Opinion
1167 KA 20-00949
04-22-2022
KEEM APPEALS, PLLC, SYRACUSE (BRADLEY E. KEEM OF COUNSEL), FOR DEFENDANT-APPELLANT. GREGORY S. OAKES, DISTRICT ATTORNEY, OSWEGO (AMY L. HALLENBECK OF COUNSEL), FOR RESPONDENT.
KEEM APPEALS, PLLC, SYRACUSE (BRADLEY E. KEEM OF COUNSEL), FOR DEFENDANT-APPELLANT.
GREGORY S. OAKES, DISTRICT ATTORNEY, OSWEGO (AMY L. HALLENBECK OF COUNSEL), FOR RESPONDENT.
PRESENT: CENTRA, J.P., PERADOTTO, LINDLEY, CURRAN, AND WINSLOW, JJ.
Appeal from a judgment of the Oswego County Court (Donald E. Todd, J.), rendered January 27, 2020. The judgment convicted defendant upon her plea of guilty of robbery in the second degree.
It is hereby ORDERED that the judgment so appealed from is unanimously affirmed.
Memorandum: On appeal from a judgment convicting her upon her plea of guilty of robbery in the second degree (Penal Law § 160.10 [1]), defendant contends that County Court erred in imposing an enhanced sentence and that the enhanced sentence is unduly harsh and severe. We affirm.
During the plea proceeding but after she had waived her right to appeal, the court advised defendant that it would not be bound by the plea agreement to impose the promised sentence of, at most, 4½ years of imprisonment plus five years of postrelease supervision if, among other things, defendant was arrested on new charges prior to sentencing or defendant failed to appear for sentencing. The court further advised defendant that it could impose the maximum sentence if she violated either of those conditions. Defendant was arrested after entering her plea and failed to appear for one of the adjourned sentencing and Outley hearing dates. As a result, the court determined that defendant had violated the terms of her plea agreement and sentenced her to 5½ years in prison with five years of postrelease supervision.

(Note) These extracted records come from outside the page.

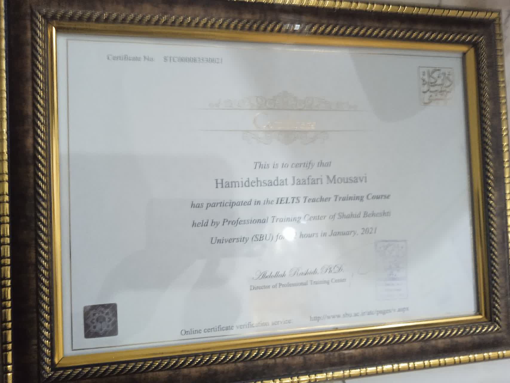 خانم حمیده جعفری موسوی( گواهی نامه شرکت در دوره تربیت مربی آیلتس)
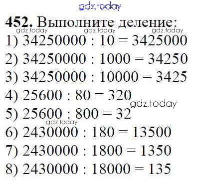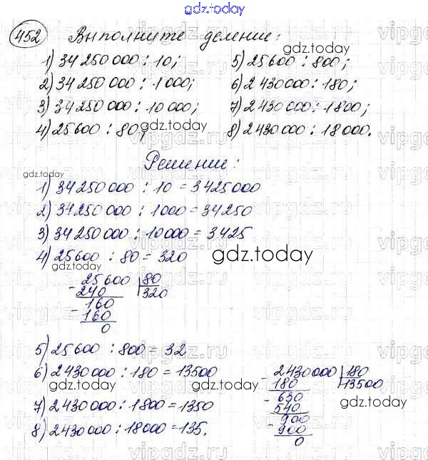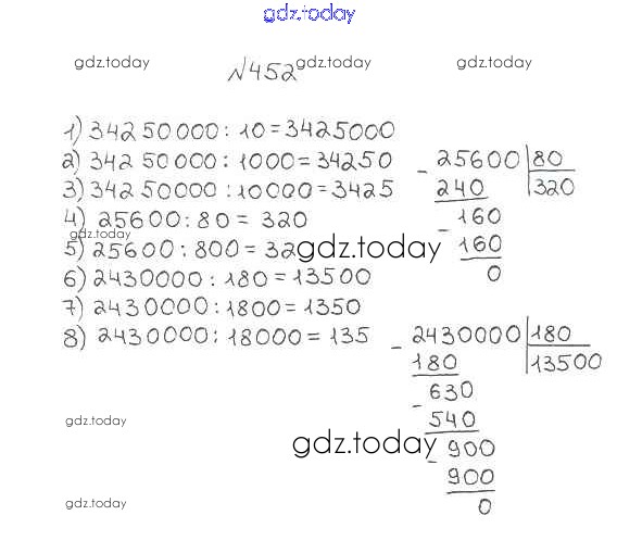 Ответы к §18. Деление Решение к главе 3. Умножение и деление натуральных чисел 452 Учебнику по Математике для 5 класса Мерзляк, Полонский Вентана-граф Алгоритм успеха 2016
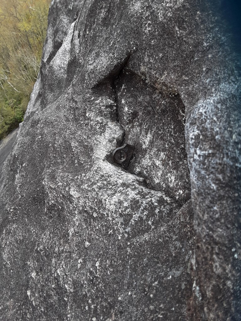 Being such a popular and old climb, I saw several old and broken pieces of pro along the route. The piton pictured is really old school.
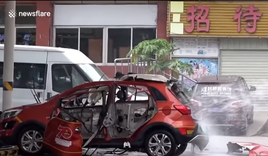Το περιστατικό καταγράφηκε τον Αύγουστο στην Κίνα και βάσει των πληροφοριών πρόκειται για μοντέλο της κινεζικής BAIC, το οποίο μάλλον ήταν επαναφορτιζόμενο υβριδικό και όχι αμιγώς ηλεκτρικό.
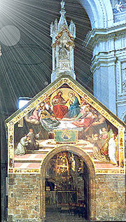 - a terracotta by Andrea della Robbia (c. 1490) with in the top from left to right :"St. Francis receives the Stigmata", "Coronation of Mary" and "St. Jerome the penitent"; bottom, from left to right : "the Annunciation", "the Nativity", and "the Adoration of the Magi".
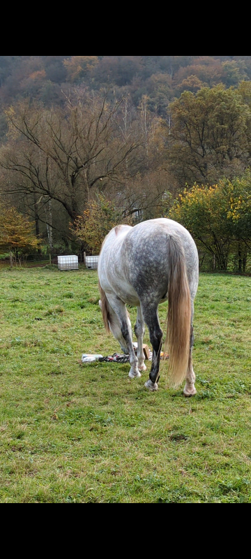 earphoria95 Il est stable niveau poids, il a bien perdu cet été grâce au panier. Je ne lui ai pas mis à l'arrivée dans la nouvelle pension, le temps qu'il découvre. Quand j'ai voulu lui remettre il s'est vilainement fait attaquer par l'autre hongre donc j'ai interrompu la tentative. Mais bon, déjà il n'a pas repris avec l'herbe riche d'automne, et vilaine humaine que je suis je compte le laisser avoir un peu froid cet hiver histoire qu'il utilise du gras ahaha. Mon but c'est qu'il repasse sous 190 à la sangle et vers 215 au ventre.
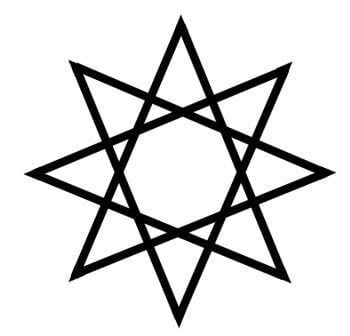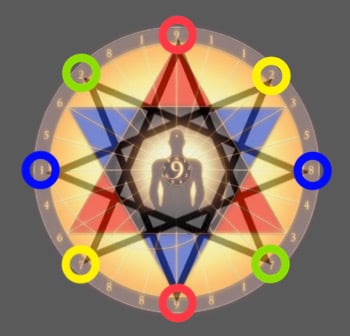 八芒星は八正道を象徴する「八角輪(ダルマチャクラ)」と重なり、悟りへの道を示す
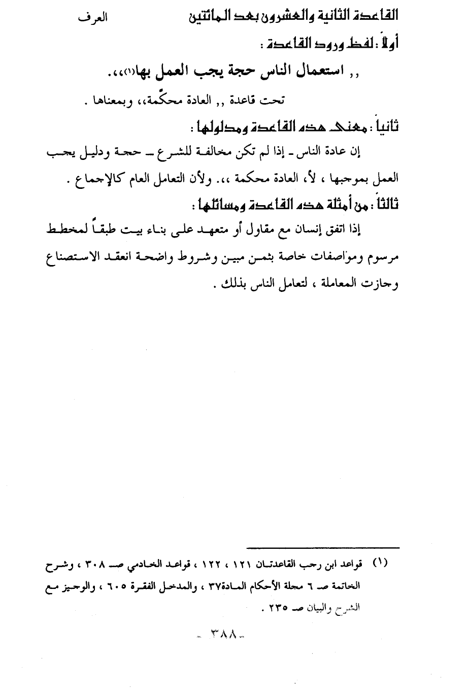 (¬1) قواعد ابن رجب القاعدتان 121، 122، قواعد الخادمي صـ 308، وشرح الخاتمة صـ 6 مجلة الأحكام المادة 37، والمدخل الفقرة 605، والوجيز مع الشرح والبيان صـ 235.
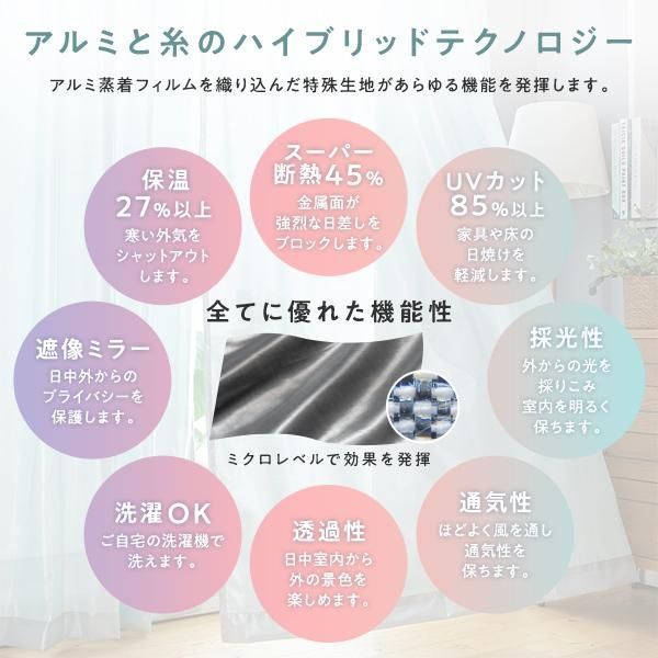 商品名:レースカーテン 約幅150×丈176cm シルバー 2枚組 洗える 遮像ミラー 断熱 保温 UVカット エコファイン ティエラ
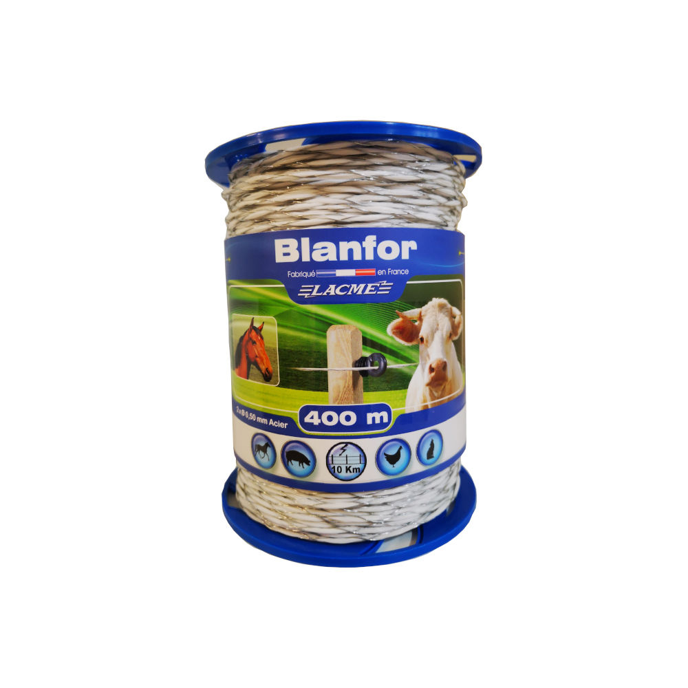 Corda Bianca con conduttori in acciaio galvanizzato, per recinti elettrici, lunghezza 400m.
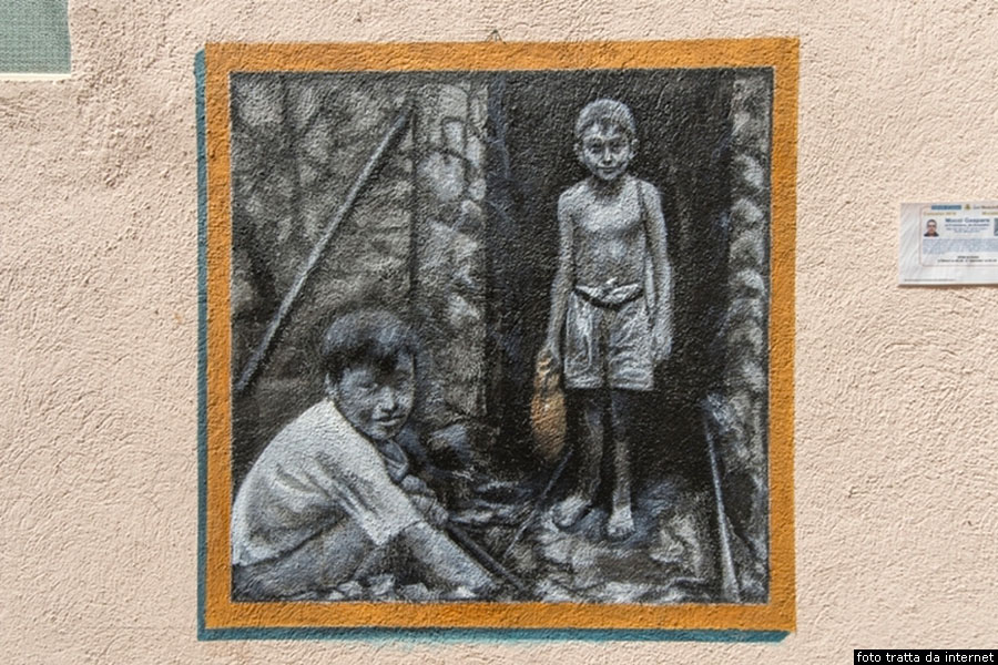 Dalla via Roma prendiamo la deviazione a destra nella via Dante Alighieri, la seguiamo per una quarantina di metri e vediamo, alla destra della strada, sul prospetto laterale sinistro dell’edificio al civico numero 1 della via Regina Elena che di affaccia appunto sulla via Dante Alighieri, il murale che rappresenta bambini che giocano, realizzato nel 2016 dall’artista Gaspare Mocci, nato nel 1965 a Cagliari. Questa opera consiste nella trasposizione pittorica di una fotografia d’epoca raffigurante due bambini davanti ad un uscio, posta entro una cornice appesa alla parete. L’opera è stata realizzata nell’ambito della seconda edizione del premio nazionale Murales Art Festival Scorci di memoria, organizzato dal comitato Loceri Eventi e patrocinato dall’amministrazione comunale, non è stato tuttavia possibile reperire bibliografia specifica riguardante l’autore.

Initially, we note that defendant's waiver of the right to appeal does not encompass her contentions on appeal because the court failed to advise her "of either the conduct that could result in the imposition of an enhanced sentence... or the potential periods of incarceration for an enhanced sentence" before she waived her right to appeal (People v Sundown, 305 A.D.2d 1075, 1075-1076 [4th Dept 2003]; see People v Semple, 23 A.D.3d 1058, 1059 [4th Dept 2005], lv denied 6 N.Y.3d 852 [2006]; cf. People v May, 169 A.D.3d 1365, 1365 [4th Dept 2019]).

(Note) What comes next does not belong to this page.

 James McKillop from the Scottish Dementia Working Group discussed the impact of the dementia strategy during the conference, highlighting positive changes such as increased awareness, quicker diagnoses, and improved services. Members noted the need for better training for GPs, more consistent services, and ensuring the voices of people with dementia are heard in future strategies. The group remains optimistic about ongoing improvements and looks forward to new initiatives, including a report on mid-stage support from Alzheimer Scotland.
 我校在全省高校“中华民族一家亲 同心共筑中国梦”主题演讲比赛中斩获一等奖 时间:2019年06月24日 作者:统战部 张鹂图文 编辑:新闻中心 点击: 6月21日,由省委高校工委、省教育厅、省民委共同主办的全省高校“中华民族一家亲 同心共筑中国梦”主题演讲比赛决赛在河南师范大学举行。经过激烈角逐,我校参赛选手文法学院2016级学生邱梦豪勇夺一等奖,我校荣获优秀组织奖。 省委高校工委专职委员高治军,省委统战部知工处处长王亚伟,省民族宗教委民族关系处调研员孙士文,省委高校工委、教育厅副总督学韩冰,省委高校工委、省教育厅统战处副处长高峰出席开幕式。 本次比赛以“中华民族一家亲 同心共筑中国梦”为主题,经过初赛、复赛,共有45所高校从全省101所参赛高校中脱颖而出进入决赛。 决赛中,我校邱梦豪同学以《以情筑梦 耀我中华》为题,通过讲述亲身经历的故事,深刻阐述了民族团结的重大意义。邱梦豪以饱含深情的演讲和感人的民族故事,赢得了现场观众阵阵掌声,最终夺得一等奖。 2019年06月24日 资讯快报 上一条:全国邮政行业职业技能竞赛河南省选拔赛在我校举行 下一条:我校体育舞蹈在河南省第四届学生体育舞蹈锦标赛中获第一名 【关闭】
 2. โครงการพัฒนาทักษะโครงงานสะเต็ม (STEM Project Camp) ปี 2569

We nevertheless reject defendant's contention that the court erred in imposing an enhanced sentence. Defendant failed to raise in the sentencing court the contention that an enhanced sentence could not be imposed because the People did not establish her arrest, and thus that contention is unpreserved for appellate review (see generally People v Harris, 289 A.D.2d 1068, 1068 [4th Dept 2001], lv denied 98 N.Y.2d 637 [2002]; People v Miles, 268 A.D.2d 489, 490 [2d Dept 2000], lv denied 95 N.Y.2d 800 [2000]). Contrary to defendant's further contention, the court properly determined that there was a legitimate basis for her arrest. At the Outley hearing, the complainant testified that defendant brandished a knife and threatened to stab the complainant before spraying the complainant with pepper spray. The court therefore properly imposed an enhanced sentence on the basis that defendant had violated the "no-arrest condition" of her plea agreement (People v Outley, 80 N.Y.2d 702, 713 [1993]; see People v Fumia, 104 A.D.3d 1281, 1281-1282 [4th Dept 2013], lv denied 21 N.Y.3d 1004 [2013]). In any event, because defendant failed to appear at a scheduled sentencing date, defendant violated another condition of the plea agreement and, on that basis, the court "was no longer bound by the agreed-upon sentence" (People v Henry, 192 A.D.3d 1504, 1505 [4th Dept 2021] [internal quotation marks omitted]; see People v Figgins, 87 N.Y.2d 840, 841 [1995]). Contrary to defendant's assertion, the court warned defendant at the time it adjourned sentencing and scheduled the Outley hearing that her failure to appear could result in an enhanced sentence. We reject defendant's alternative contention that she presented a reasonable excuse for her absence (see People v Gonzales, 231 A.D.2d 939, 940 [4th Dept 1996], lv denied 89 N.Y.2d 923 [1996]).
Finally, we reject defendant's contention that the enhanced sentence is unduly harsh and severe.